I started a trap out a few days back, but the bees seem more interested in clustering at the location of the old entrance than moving into the new box - even though they have to pass through it and across a brood comb/queen cell to exit the old hive. What can be done to get them more intrested in the new box? FYI - this box is a variant of the Hogan Swarm Harvester, and I have used it several times before without this happening. 

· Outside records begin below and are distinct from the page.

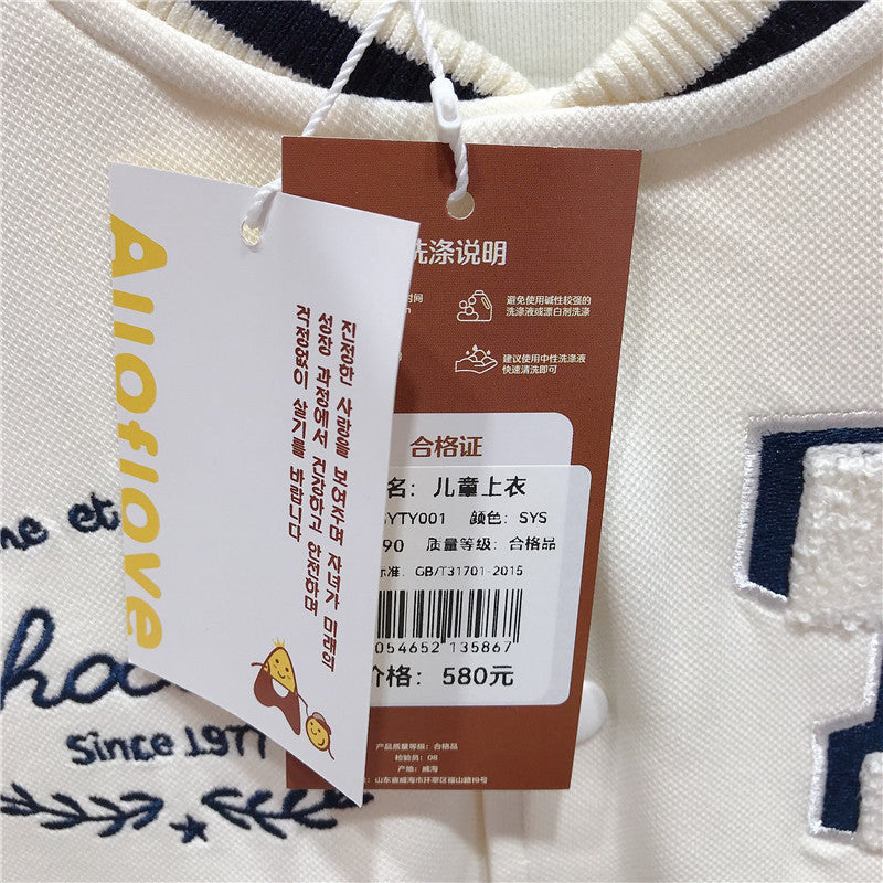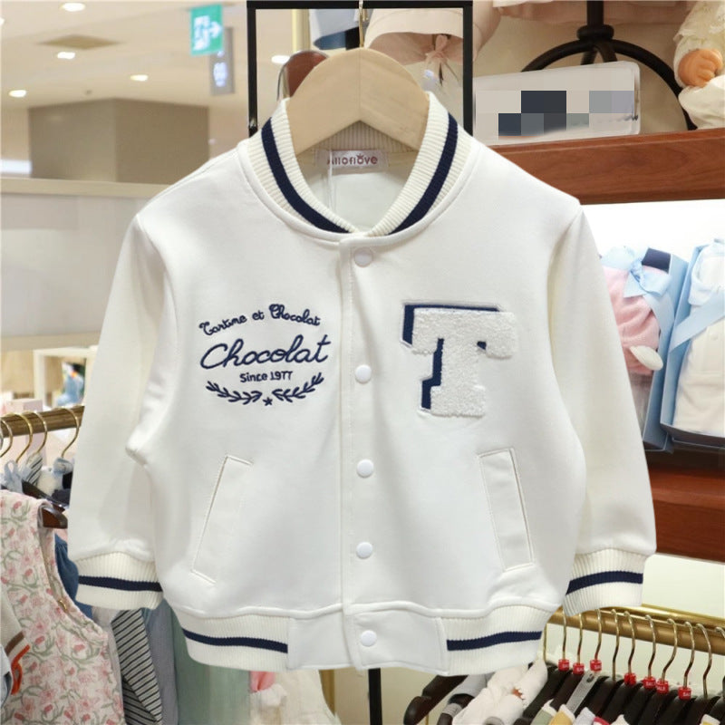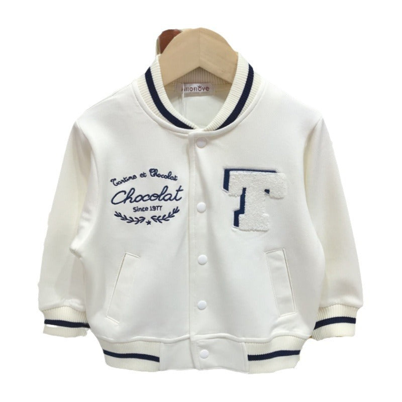 Kids’ Korean-Style White Baseball Jacket
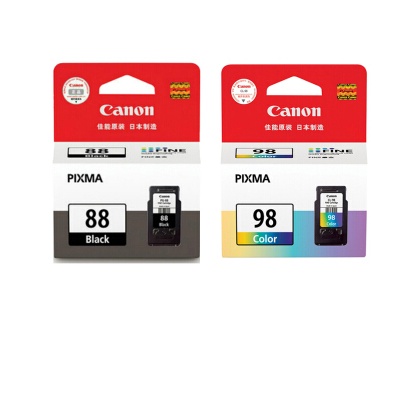 • 佳能(Canon)PG-88黑色墨盒CL-98彩色墨盒 適用于PIXMA E500 佳能打印機(jī) 使用 PG-88黑色+CL-98彩色(套裝)
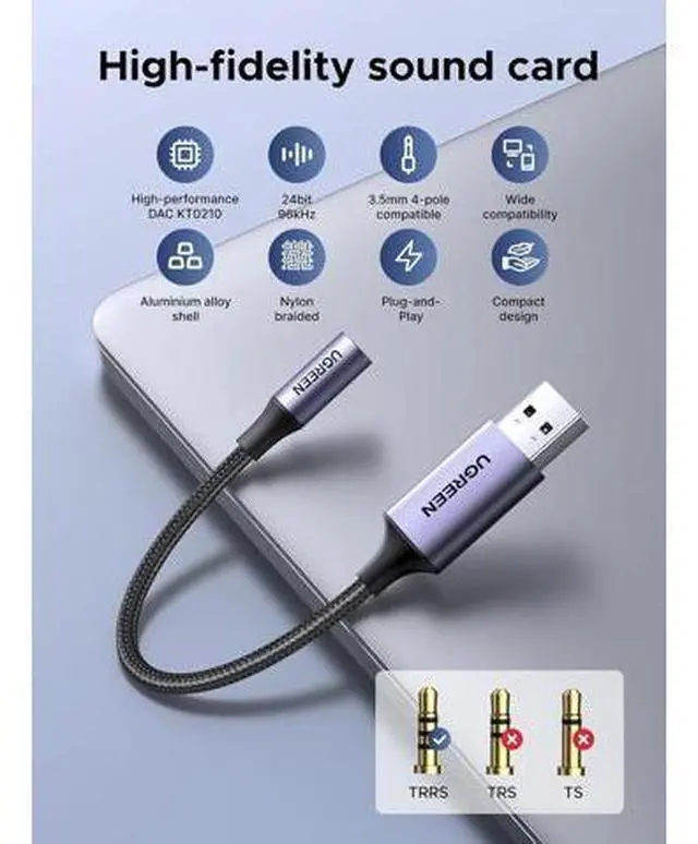 • 2 in 1 USB Audio Adapter: UGREEN USB to 3.5mm jack audio adapter supports both listening and talking. In-line control and microphone function allows you to chat while gaming. This USB Aux adapter enables you to connect headphones, headset, speakers with 3.5mm jack to your PC through the USB A port. [*Note: The 3.5mm adapter can support the connection of a single microphone for use. Please note that the 3.5mm male microphone's attribute requirement is TRRS]
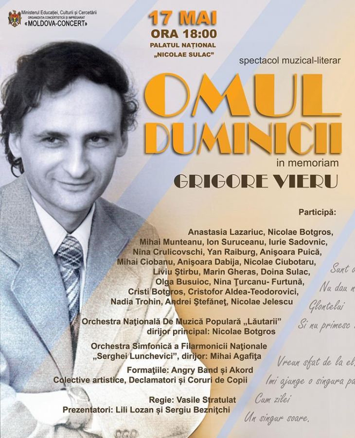 OCI ,,Moldova - Concert” cu susţinerea Ministerului Educației, Culturii și Cercetării Vă invită, la spectacolul OMUL DUMINICII în Memoria poetului neamului nostru- Grigore Vieru .

I can see some of the bees using the trap hive, but the vast majority just want to hang in a big festoon on the black plastic covered window screen where the old hive entrance was.


----------



## Mr.Beeman (May 19, 2012)

Sometimes it can take up to a week for them to switch residences. Sometimes... they just pack thier bags alltogether.


----------



## hemichuck (Oct 27, 2009)

If there is a "big festoon" I would suck them up in my bee vac and relocate them. I would combine them back into the rest of the bees when I got them out.


----------



## Paul McCarty (Mar 30, 2011)

That's an idea-never thought about doing that. These guys are pretty aggressive too. It would make dealing with the trap a bit easier.


----------



## Cleo C. Hogan Jr (Feb 27, 2010)

Remove your trap (if practical) let them go through the transition for a day or so, Then reinstall the trap before daylight or after dark. Smoke them to make them all go back in if any are hanging on the outside. When they come out the next day they will reorient on the front of the trap, not on the original opening.

cchoganjr


----------



## Paul McCarty (Mar 30, 2011)

The trap is basically up there good. I might suck them up and either dump them in the trap or take them home and give them a frame of brood and a queen cell. Then just let the stragglers already in the trap use it. Some of them did appear to be using it, just the bulk was clustered and festooning. Maybe when I check them tomorrow, they will all be using it. Let's hope.


----------